Working Papers

[1] Competitive Markets, Add-On Prices, and Bounded Rationality [pdf]

We analyze the trade of differentiated products with potentially hidden add-on prices. Boundedly rational consumers mistakenly believe that product choice has no effect on the probability of incurring hidden add-on charges. However, all consumers correctly anticipate their equilibrium expenses, so there are no “surprise charges.” Shrouding equilibria with inefficient trade exist, but only if the market is sufficiently competitive. There is an optimal maximal add-on price that defines the scope for profitable exploitative innovation. Further, product and exploitative innovation are complements, and the presence of boundedly rational consumers can generate innovation incentives that improve welfare relative to the rational benchmark.

[2] Persuasion of Loss-Averse Receivers Through Early Offers, joint with Heiko Karle and Rune Vølund [pdf]

We study a simple bargaining model in which the sender can make an early offer to the receiver. Initially, the sender has private information about the value of the receiver’s outside option. The receiver learns this value before she chooses between the sender’s early offer and her outside option. Nevertheless, if the receiver is expectation-based loss averse, the sender can persuade her to accept an offer that is inferior to her outside option. This result is due to the interaction of two effects: the attachment effect that makes it costly for the receiver to reject an offer that she planned to accept, and the uncertainty effect which renders the acceptance of the sender’s offer as the preferred plan since it creates peace of mind at an early stage.

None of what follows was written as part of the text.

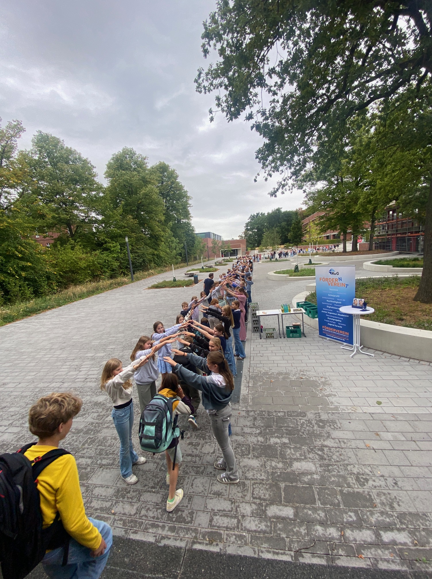 Im Anschluss machten sich die Kinder gemeinsam mit ihren Klassenleitungen und den Klassenpaten auf den Weg in die Klassenräume. Ein Highlight war dabei das traditionelle Spalier: Schüler:innen des 6. Jahrgangs begleiteten die „Neuen“ auf ihrem Weg vom Hauptgebäude zum Neubau – ein schönes Zeichen der Aufnahme in die Schulgemeinschaft. Wir freuen uns auf ein spannendes Schuljahr mit euch und wünschen euch einen guten Start am KvG!

If the receiver faces uncertainty in multiple dimensions, the main result holds for all degrees of loss aversion. Thus, expectation-based loss-averse preferences imply that there is scope for persuasion through signaling even if the receiver has all payoff-relevant information at the decision stage.

[3] Evaluating Search Cost Models: Estimation and Prediction, joint with Adrian Düll, Heiko Karle, and Simon Martin [pdf]

The classic search models assume that consumers adhere to a particular method of search (sequential or non-sequential) and that they know the true price distribution. In this paper, we evaluate how well the search cost estimates from classic models predict search outcomes – the amount of search and purchase prices – when these assumptions are violated. To this end, we conduct an online experiment in which we vary searchers‘ information about the price distribution of a homogeneous good. For each treatment, we (i) estimate search costs, (ii) fit each model to the estimated search cost distribution to obtain in- and out-of-sample predictions about outcomes, and (iii) compare predicted and realized outcomes. We find that the prediction performance of each model is largely robust to violations of the informational assumption. Further, the prediction performance of the sequential and non-sequential search model are similar, despite the fact that the search environment strongly favors sequential search.